DEEP-Hybrid-DataCloud announces the availability of the second software release and platform

  • New platform release allows data scientists and machine learning practitioners to build, develop, train and deploy machine learning services easily, with a comprehensive set of tools and services covering the whole machine learning application lifecycle.
  • The new DEEP as a Service allows to deploy machine learning models as services, following a serverless approach, with horizontal scalability.
  • Redesigned marketplace allows to train existing modules easily.

It is a pleasure to announce that the DEEP-HybridDataCloud project has published its second software release and platform, code named DEEP Rosetta. DEEP Rosetta expands on the first version of software generated by the project, called DEEP Genesis, enlarging its functionalities to cover the whole machine learning cycle, enhancing the stability of the different components and adding new features.  Developing, training, sharing and deploying your model has never been easier!

All the changes in this new release are oriented towards the common project goal of easing the path for the scientific communities to develop, build and deploy complex models as a service at their local laptop, on a production server or on top of e-Infrastructures supporting the DEEP-Hybrid-DataCloud stack. 

As in the previous release, the DEEP components are integrated into a comprehensive and flexible architecture that can be deployed and exploited following the user requirements. 

Comprehensive set of services for machine learning

  • The DEEP training facility, accessible through the DEEP training dashboard allows data scientists to develop and train their models, with access to latest generation EU computing e-Infrastructures.
  • DEEP as a Service is a fully managed service that allows to easily and automatically deploy the developed applications as services, with horizontal scalability thanks to a serverless approach.
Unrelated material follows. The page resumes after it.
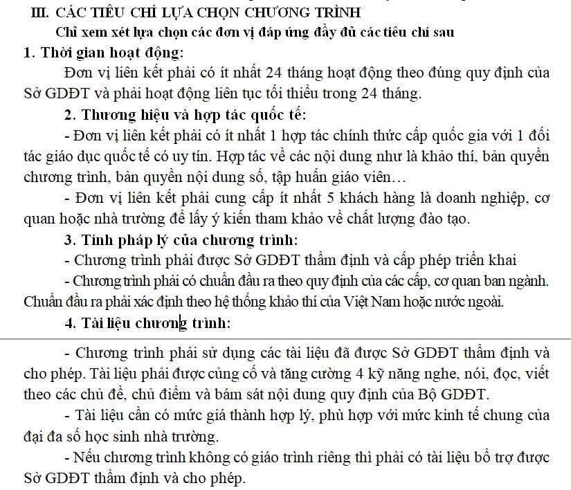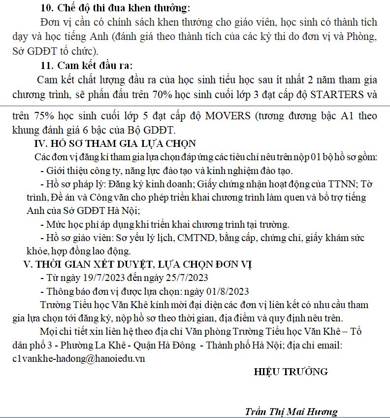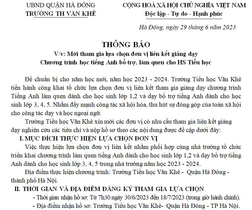 Thông báo: Mời tham gia lựa chọn đơn vị liên kết giảng dạy  Chương trình học tiếng Anh bổ trợ, làm quen cho học sinh Tiểu học
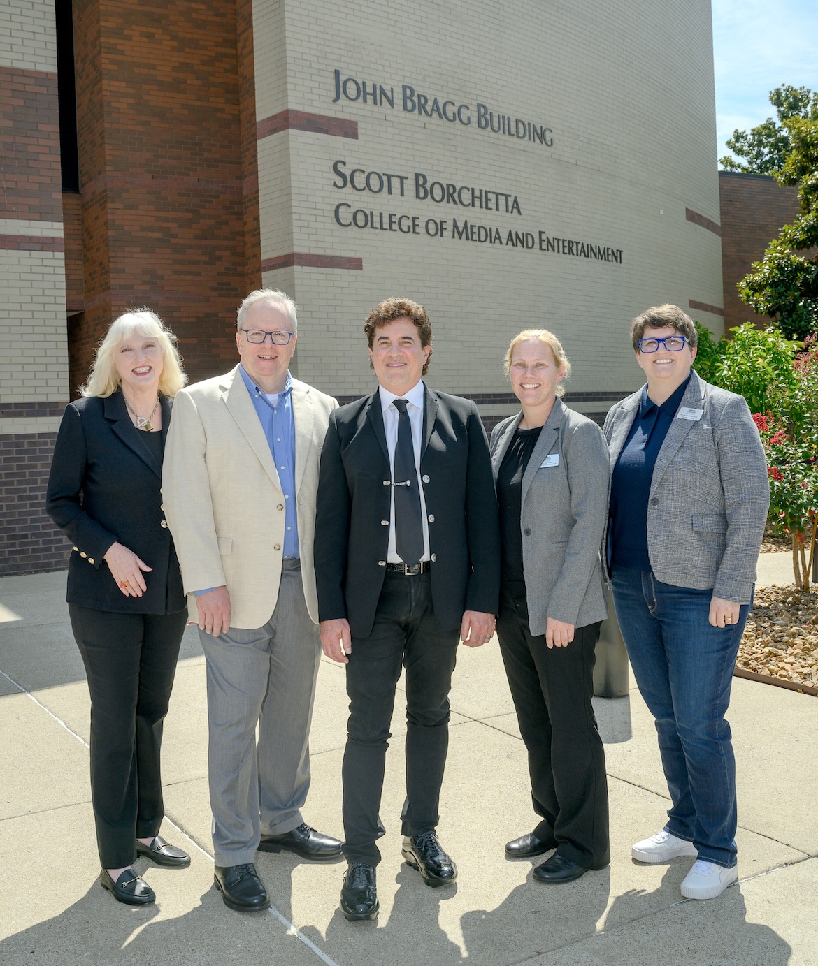 Borchetta (center) with Dean Keel (l) and department chairs Robert Gordon, Media Arts; Katie Foss, Journalism and Strategic Media; and Michelle Conceison (r), Recording Industry (MTSU photo by J. Intintoli)

The pre-trained applications that are published in the catalog are automatically deployed as services to make them available for general use.
  • DEEP Open Catalog and marketplace comprises a curated set of applications ready to use or extend, fostering knowledge exchange and re-usability of applications. This open exchange aims to serve as a central knowledge hub for machine learning applications that leverage the DEEP-Hybrid-DataCloud stack, breaking knowledge barriers across distributed teams. Moreover, pre-configured Docker containers, repository templates and other related components and tools are also part of this catalog.
  • DEEPaas API enables data scientists to expose their applications through an HTTP endpoint, delivering a common interface for machine learning, deep learning and artificial intelligence applications.
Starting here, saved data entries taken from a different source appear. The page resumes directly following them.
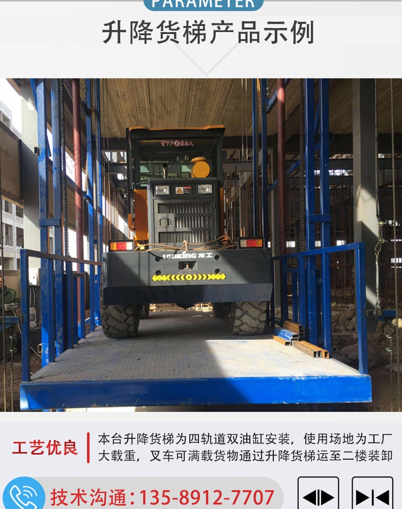 汇泽机械悍力SJD 液压货梯 液压升降货梯升降机 载货升降货梯加工定制 上门安装 。 液压货梯 (上下层安全运输的设备) 有七项安全措施的货梯,是一种通过人工操作,使货物升降货梯起重升降,完成上下层安全运输的设备。升降货梯根据类型可分为:剪叉式升降货梯和导轨式升降货梯。升降货梯的起升高度从1米至20米不等,并可根据用户要求定做特殊规格的升降货梯。主要用于工厂流水线、货物仓库、停车场、码头、建筑、物流等的高空货物上下运输。升降货梯升降系统,是靠液压泵站驱动,故也被称作液压升降货梯。 【1】液压货梯简介 液压载货货梯是一种起重升降机械设备,升降货梯升降系统,靠液压泵站驱动,故也被称作液压升降货梯。升降货梯用于建筑物层高间运送货物的,专用液压升降货梯产品,主要用各种工作层间货物上下运送;立体车库和地下车库层高间汽车举升等。产品液压系统设置防坠、超载安全保护装置,各楼层和升降台工作台面均可设置操作按钮,实现多点控制。产品结构坚固,承载量大,升降平稳,安装维护简单方便,是经济实用的低楼层间替代电梯的理想货物输送设备。 【2】货梯分类 升降货梯根据类型可分为:剪叉式升降货梯和导轨式升降货梯。升降货梯的起升高度从1米至30米不等,并可根据用户要求定做特殊规格的升降货梯。 【3】载货升降机功能 升降货梯最大承载30吨,实现多点控制,上下楼层互动联锁,达到安全使用;提升高度高,采用旁置油缸、或双测式油缸,运行平稳、无噪声、维修方便、使用寿命较长;停电手动下降、紧急停止按钮,方便、快捷、实用;地坑深度一般为15cm-30cm,顶层高度不受限制,可根据现场环境定做用;层门可贯通,厂房内外可相互戳开,方便、节省空间;特别适合2-3层钢结构厂房,内外部均可使用;泵站采用进口泵站,如果速度要求过高,采用进口定制泵站,达到理想的送货要求,油缸和密封件采用进口零部件,解决客户油压不稳定,零部件漏油问题,电器零部件可选(上海人民电器、法国施耐德、德国西门子)。 【4】升降货梯安全性能 升降货梯在具备传统曳引式电梯的安全装置的同时, 还设有:溢流阀:可防止上行运动时系统压力过高,应急手动阀:电源发生故障时, 可使轿厢应急下降到安全的层楼位置开门, 手动泵:当系统发生故障时, 可操纵手动泵打出高压油使轿厢上升到安全的层楼位置; 管路破裂阀:当液压系统管路破裂轿厢失速下降时, 可自动切断油路停止下降。油箱油温保护:当油箱中油温超过标准设定值时, 油温保护装置发生信号, 暂停电梯使用, 当油温下降后方可启动电梯。 【5】货梯用途 不能到达要求的场合等比较难解决的狭小空间,可以量身打造高效率的送货平台。升降货梯产品液压系统设置防坠、上下层门互动连锁,各楼层和升降台工作台面均可设置操作按钮,实现多点控制。根据升降台的安装环境和使用要求,选择不同的可选配置,可取得更好的使用效果,本产品主要应用于化工、高温、高压、电厂等企业。
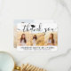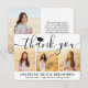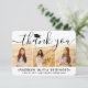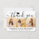 Skicka ett stilfullt tack med anpassade svartvita fotokollage med fyra bilder tackkort för examen. Alla bilder och texter är enkla att anpassa. (TIP: Ett enkelt sätt att centrera ett foto exakt som du vill är att beskära det innan du laddar upp det till Zazzle-webbplatsen.) Denna mall kan anpassas med valfri text, till exempel framtida utbildningsplaner, nytt jobb eller favoritcitat. Om du hellre vill skriva ditt meddelande för hand kan du helt enkelt ta bort exempeltexten eller använda det extra utrymmet ovanför den nya adressen och kontaktinformationen. Designen har en svart examenshatt, handskriven kalligrafi, modern minimalistisk typografi och fyra bilder som du väljer, till exempel seniorbilder eller bilder från examensceremonin. Dessa eleganta personliga kort är ett trendigt och chic sätt att tacka familj och vänner för att de delade din examensfirande. Grattis till examen!
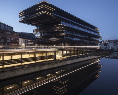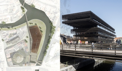 Entry DescriptionThe multimedia library rises in a unique corner of Ghent where a new urban space allows the contemporary building to complement the historic city center and the crook of the River Scheldt.
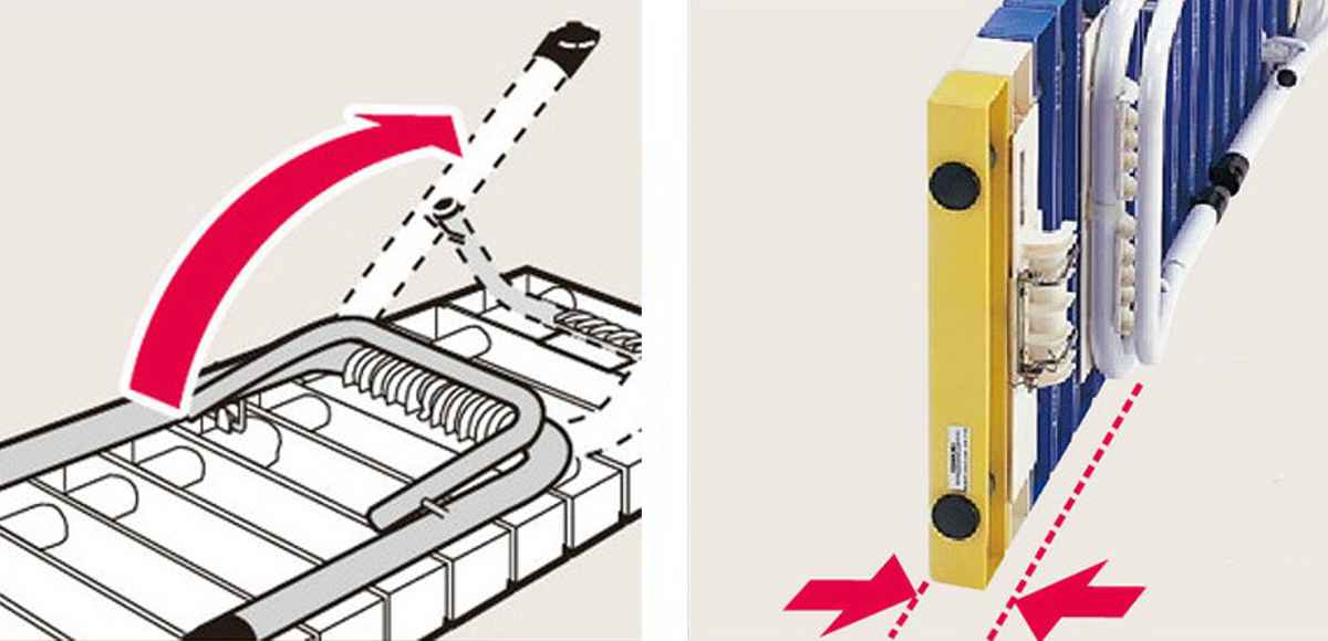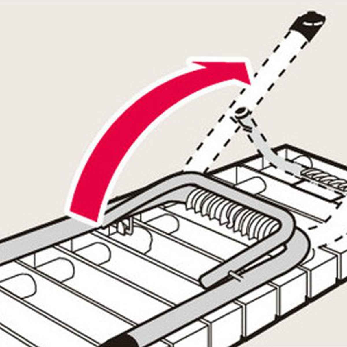| 組み立てカンタン 脚部を起こしてはめ込むだけのシンプルな構造です。工具不要で簡単に組み立てできます。 | 省スペース収納 折りたたむと厚みが10cmとスリムになり、場所を取りません。省スペースで収納が可能です。 |

The platform has been extended to support asynchronous training, allowing to launch, monitor, stop and delete the training directly from your web browser. The trained models to perform inference can now be chosen from the models available in the training history. All the documentation on these new features has been accordingly updated here.

In addition, the user friendly training dashboard allows now to easily and transparently deploy the modules in a cloud environment. From the dashboard, the user can choose the resources needed for the deployment in terms of memory, type of processing unit (CPU or GPU), the storage client to be used or even to manually configure the scheduling.

DEEP training dashboard screenshot
The DEEP training dashboard allows to easily train any existing modules, or your own one.

The DEEP Open Catalogue has been renewed with a more appealing design, improving the organisation of the modules and the general site interactivity. 

 The DEEP Rosetta release consists of:

  • 10 products distributed via 22 software packages and tarballs supporting the CentOS 7, Ubuntu 16.04 and 18.04 operating systems.
  • 15 fully containerised ready-to-use models from a variety of domains available at the DEEP Open Catalogue

The release notes can be found here. The full list of products together with the installation, configuration guides and documentation can be consulted here

The EOSC ecosystem

The release components have been built into a consistent and modular suite, always with the aim of being integrated under the EOSC ecosystem.  As part of our integration path into the EOSC, we have published four different services and components in the EOSC portal:

  • DEEPaaS training facility: Tools for building training, testing and evaluating Machine Learning, Artificial Intelligence and Deep Learning models over distributed e-Infrastructures leveraging GPU resources. Models can be built from scratch or form existing and pre-trained models (transfer learning or model reuse).
  • Application composition tool: Easy and user focused way of building complex application topologies based on the TOSCA open standard, that can be deployed on any e-Infrastructure using the orchestration services.  
  • Infrastructure Manager: Open-source service that deploys complex and customised virtual infrastructures on multiple back-ends.
  • PaaS Orchestrator: Service allowing to coordinate the provisioning of virtualized compute and storage resources on distributed cloud infrastructures and the deployment of dockerized services and jobs on Mesos clusters.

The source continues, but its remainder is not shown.